CIC: Contrastive Intrinsic Control for Unsupervised Skill Discovery

TLDR: CIC is an exploration algorithm that discovers structured skills
 without extrinsic rewards. It resolves fundamental issues that have prevented prior mutual infomax exploration algorithms from performing well, and achieves SOTA results on the Unsupervised Reinforcement Learning Benchmark (URLB). CIC outperforms prior comparable methods by 1.78x and all prior exploration methods by 1.19x on URLB in terms of interquartile mean performance.

1. What is competence-based exploration?

There are three categories that describe most reward-free exploration algorithms known to date - knowledge-based, data-based, and competence-based. Knowledge-based methods maximize the prediction error or uncertainty of a predictive model (e.g. Curiosity, RND), data-based methods maximize the diversity of observed data (e.g. APT, count-based methods), competence-based methods maximize the mutual information between states and some latent vector often referred to as the "skill" or "task" vector (e.g. DIAYN, DADS). This vector is usually sampled from noise.

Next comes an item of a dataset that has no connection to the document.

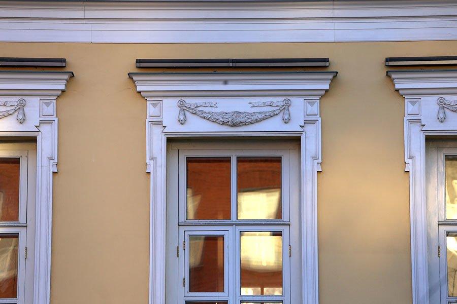 Печи и камины, составлявшие важную часть исторического интерьера, были отреставрированы с использованием оригинальных изразцов. Один из каминов был восстановлен как действующий, остальные использованы для скрытия современных инженерных коммуникаций. По образцам сохранившихся элементов в помещениях со стороны главного фасада воссоздали плафоны, окна и двери. Также в здание была интегрирована современная система приточно-вытяжной вентиляции и единая система теплоснабжения.

Unsupervised Reinforcement Learning

Competence-based Exploration

2. Why do prior competence-based methods perform poorly on the unsupervised RL benchmark?

Recently, the Unsupervised Reinforcement Learning Benchmark (URLB) has been proposed as a way to benchmark unsupervised RL exploration algorithms. In URLB agents are pre-trained for 2M steps in each domain. After that a single pre-trained agent is fine-tuned for 100k steps to solve various downstream tasks within the domain. It was observed that competence-based exploration algorithms perform substantially worse than other exploration methods.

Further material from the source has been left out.